* _Work order_: Among the records below, find the line with "中新社記者 陳驥旻 攝" and the line with "Unterschenkel: Querschnitt durch". Set down both and every line between, exactly and with no pictures, but nothing else.

* _Dataset records_:
Start of Block

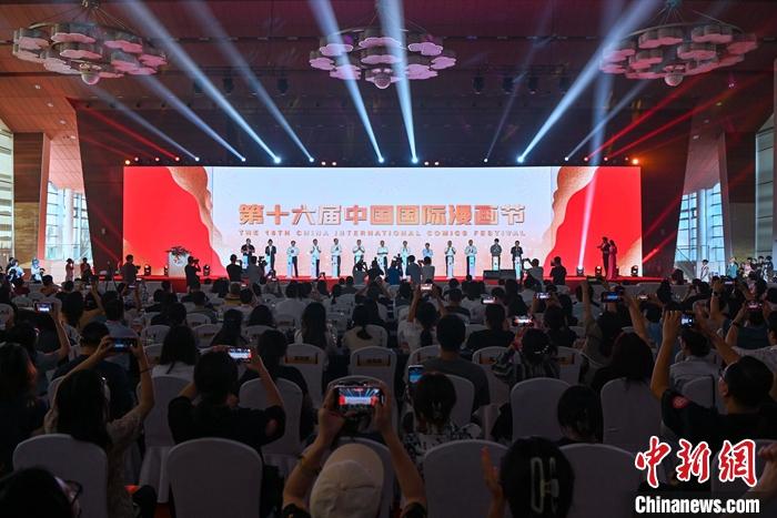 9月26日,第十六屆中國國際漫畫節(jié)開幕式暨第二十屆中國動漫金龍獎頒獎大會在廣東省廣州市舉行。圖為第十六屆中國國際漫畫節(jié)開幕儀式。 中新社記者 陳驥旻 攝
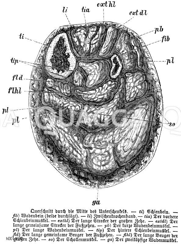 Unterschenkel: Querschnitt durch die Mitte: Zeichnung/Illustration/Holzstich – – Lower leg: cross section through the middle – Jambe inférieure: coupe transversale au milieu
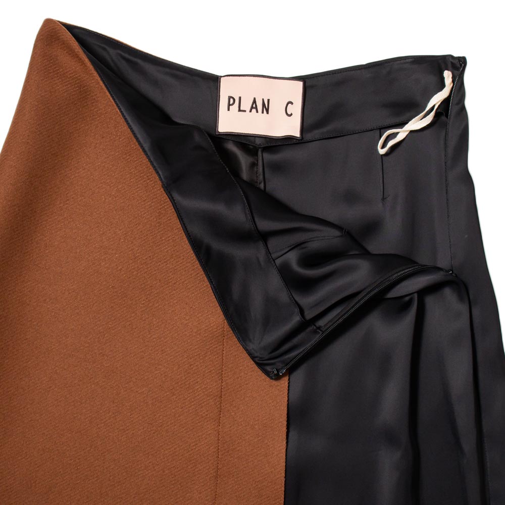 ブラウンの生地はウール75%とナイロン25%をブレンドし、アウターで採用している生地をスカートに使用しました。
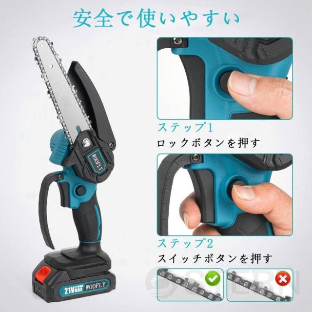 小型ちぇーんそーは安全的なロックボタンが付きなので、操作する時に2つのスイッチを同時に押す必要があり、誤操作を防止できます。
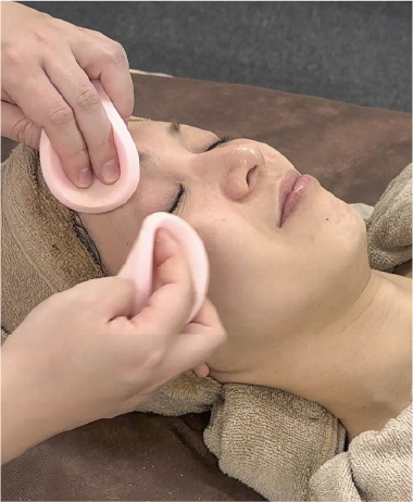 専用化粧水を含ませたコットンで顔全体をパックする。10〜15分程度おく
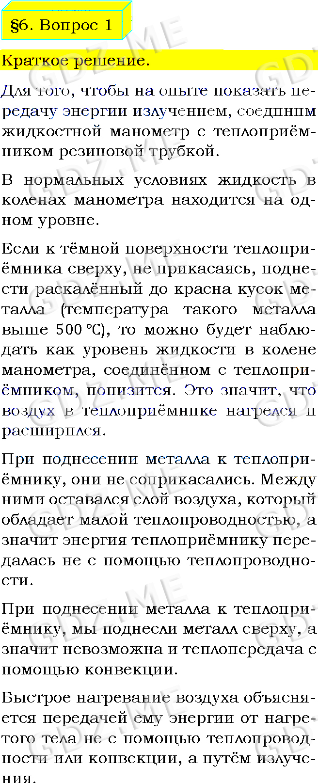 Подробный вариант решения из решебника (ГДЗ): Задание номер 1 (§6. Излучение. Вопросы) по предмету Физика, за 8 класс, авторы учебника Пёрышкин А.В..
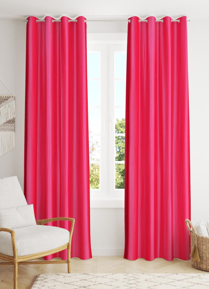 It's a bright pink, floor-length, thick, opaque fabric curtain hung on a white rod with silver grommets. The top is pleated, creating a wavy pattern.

End of Block
Start of Block

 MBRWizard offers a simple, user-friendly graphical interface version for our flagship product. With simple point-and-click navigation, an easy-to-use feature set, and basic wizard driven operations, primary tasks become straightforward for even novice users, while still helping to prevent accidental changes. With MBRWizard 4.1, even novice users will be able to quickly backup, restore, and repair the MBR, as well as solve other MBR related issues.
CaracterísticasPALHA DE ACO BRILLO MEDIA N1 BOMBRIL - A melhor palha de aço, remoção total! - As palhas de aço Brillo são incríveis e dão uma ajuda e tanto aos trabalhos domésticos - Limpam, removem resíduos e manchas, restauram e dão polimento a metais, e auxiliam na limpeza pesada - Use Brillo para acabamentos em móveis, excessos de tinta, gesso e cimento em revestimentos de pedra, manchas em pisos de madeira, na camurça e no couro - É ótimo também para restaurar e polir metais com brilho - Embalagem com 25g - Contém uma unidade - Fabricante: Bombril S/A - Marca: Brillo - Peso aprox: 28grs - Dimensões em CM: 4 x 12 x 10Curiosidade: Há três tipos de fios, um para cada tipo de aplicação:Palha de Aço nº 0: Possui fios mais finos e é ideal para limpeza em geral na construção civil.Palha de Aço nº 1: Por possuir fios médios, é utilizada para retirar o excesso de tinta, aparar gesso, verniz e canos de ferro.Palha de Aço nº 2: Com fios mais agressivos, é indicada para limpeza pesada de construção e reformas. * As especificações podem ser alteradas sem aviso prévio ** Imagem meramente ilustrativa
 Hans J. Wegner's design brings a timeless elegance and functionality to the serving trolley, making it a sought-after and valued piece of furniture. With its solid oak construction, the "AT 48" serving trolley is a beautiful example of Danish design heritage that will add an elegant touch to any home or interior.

End of Block

* _Response_:
 9月26日,第十六屆中國國際漫畫節(jié)開幕式暨第二十屆中國動漫金龍獎頒獎大會在廣東省廣州市舉行。圖為第十六屆中國國際漫畫節(jié)開幕儀式。 中新社記者 陳驥旻 攝
 Unterschenkel: Querschnitt durch die Mitte: Zeichnung/Illustration/Holzstich – – Lower leg: cross section through the middle – Jambe inférieure: coupe transversale au milieu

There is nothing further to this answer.